Un chart que abre a 116 BPM y cierra a 138 parece prometer un arco de aceleración, pero la lectura real es otra: de estos 39 cortes, 25 viven entre 138 y 150 —con el grueso clavado en 140— y otros 11 están escritos a mitad de tempo, entre 70 y 75. Duplicada la cifra, esa segunda masa cae en el mismo pulso: es un disco de una sola velocidad sentida, anotada de dos maneras, y ahí está su gracia.
La secuencia no disimula el vaivén. Tras 'EVIL DEEDS' de Calcium —esa anomalía a 116 que funciona más como cortina que como primer asalto—, el tramo del dos al cinco se instala en 140-143 y 'Jawa Dub' de Modal Nodes corta a 70 en el sexto puesto: primer cambio de notación, primera caída de densidad rítmica sin perder el paso. El patrón se repite durante toda la selección, y el cierre lo explicita: 'WALLOP [MOSQUITO MANSION]' de Warlord, 'Ophion Anthem' y 'DIRT PONY' encadenan el último bloque halftime a 72-74, 'SUBCONSCIOUS' de RZRKT descomprime a 120, y 'Iron Surge' y 'HALO SCAR' devuelven la aguja a 140-138 para terminar arriba.

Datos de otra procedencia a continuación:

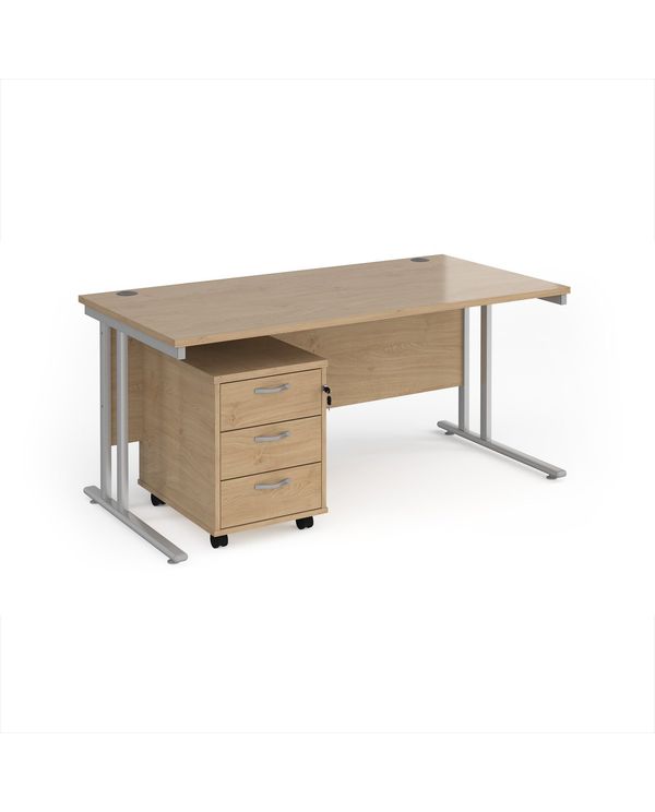 Maestro 25 straight desk 1600mm x 800mm with silver cantilever frame and 3 drawer pedestal - Kendal Oak
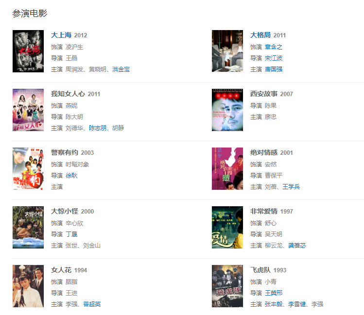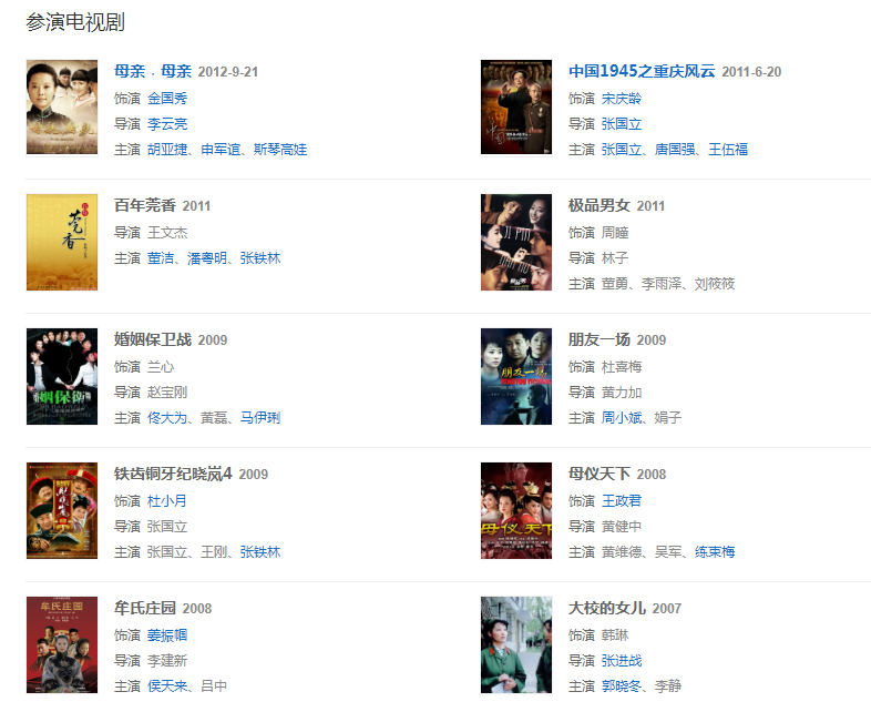 代表作品:母儀天下、牟氏莊園、永不瞑目、啼笑因緣、家在洹上、母親,母親、鐵齒銅牙紀曉嵐、大上海

Los verdaderos goznes son tres: el 116 inicial, el 120 de RZRKT y el 88 de 'What's In Your Heart' de Effin, único corte que no pertenece a ninguna de las dos masas y que en cabina serviría de puente entre mundos. El techo lo pone 'Fiyah' de Ahee y SubDocta a 150, la punta de velocidad real del lote.
Que Wakaan aparezca en ambos bloques —'No Signal' de Sully a 73 y 'Beast Mode' de Tvboo y Flozone a 140— cuadra con el perfil del sello que Liquid Stranger fundó en 2015 y que se define como plataforma de electrónica de forma libre. Y el marco general también cuenta: Crate Diggers es la serie con la que Beatport rescata gemas poco vistas de su catálogo, así que esta arquitectura no es un set, es una cantera. Secuenciarla es tarea de quien la compra; el material para construir en dos alturas ya viene dado.